Version: 0.5.0 | License: ELv2 | Last Updated: March 7, 2026
Umbra is a lightweight HTTP server powered by the CI-1T API that sits between your AI agent and the actions it wants to take. Before your agent does anything -- run a command, send a message, delete a file -- it asks Umbra first. Umbra scores the risk, tracks behavioral drift over time, and tells your agent: go ahead, be careful, wait for a human, or stop.
Umbra also ships with two optional modules:
- Multi-Agent Coordination -- influence gating, cascade propagation, and consensus authority across multiple agents working together
- CI-C1 (Structural Curiosity) -- background pattern discovery that fingerprints agent behavior and detects when agents start acting alike (or drifting apart) without you having to look
Both are disabled by default and can be turned on in umbra.yml.

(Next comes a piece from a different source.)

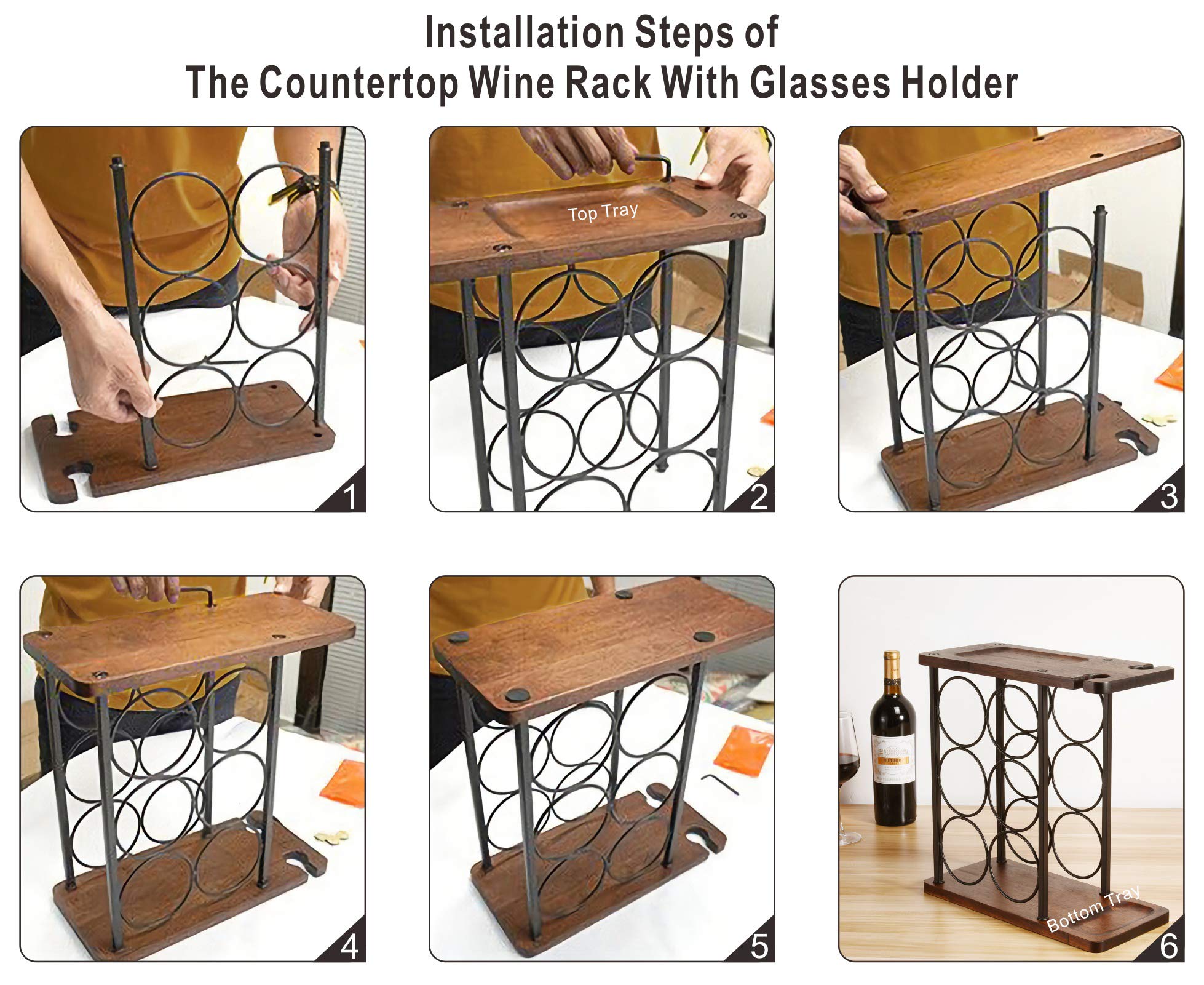 - š·ćBest QualityćSimple and creative European and American style wine bottle holder and red wine glass holder. The frame is made of steel, black powder-coated process, oxidation resistant and rust-resistant. The thick wooden base at the top and bottom, the whole wine rack is stable and beautiful.

It works with any agent framework (CrewAI, AutoGen, LangGraph, OpenClaw, Claude Code, custom) -- if your agent can make an HTTP call, it can use Umbra.
import requests
def safe_exec(agent, action):
r = requests.post("http://localhost:8400/check", json={
"agent": agent, "action": action
}).json()
if r["decision"] in ("gate", "block"):
raise RuntimeError(f"Umbra blocked: {r['decision']}")
return rThat's it. Your agent asks Umbra before every action. Umbra says go or stop.
pip install umbra-gateumbra setupThis walks you through creating umbra.yml -- your API key, policy mode, alerts. Takes about 30 seconds.
Need an API key? Get one free (1,000 credits, no credit card).
umbra serveThat's it. Umbra is now listening on http://localhost:8400.
Want to see a real LLM agent go through Umbra's gate? Add openrouter_key to umbra.yml, start Umbra, then run:
python scripts/demo_openrouter.pyThe demo runs a Claude Sonnet coding agent through three tasks, shows the gate decision for each tool call, and saves a timestamped JSON report in data/generated/.
The simple version:
risk score --> threshold --> ALLOW / WARN / GATE / BLOCK
The full version: every action gets a risk score (from the risk map below). Umbra batches scores into episodes and sends them to CI-1T for evaluation. CI-1T returns a Collapse Index (how unstable your agent's behavior is) and an Authority Level (how much trust to give). Umbra maps that to a decision:
| AL | Meaning | Decision | Your agent should... |
|---|---|---|---|
| 0-1 | High trust | ALLOW | Proceed normally |
| 2 | Moderate | WARN | Proceed, but a warning is logged |
| 3 | Low trust | GATE | Pause and wait for human approval |
| 4 | No trust | BLOCK | Stop immediately |
| -- | Ghost detected | BLOCK | Stop immediately |
Ghost detection catches agents that are suspiciously consistent -- stable, confident, but hiding errors.
Policy modes:
monitor-- log everything, never block (good for testing)enforce-- actually gate/block at AL3+ (production)
POST /check
Call this before your agent executes an action.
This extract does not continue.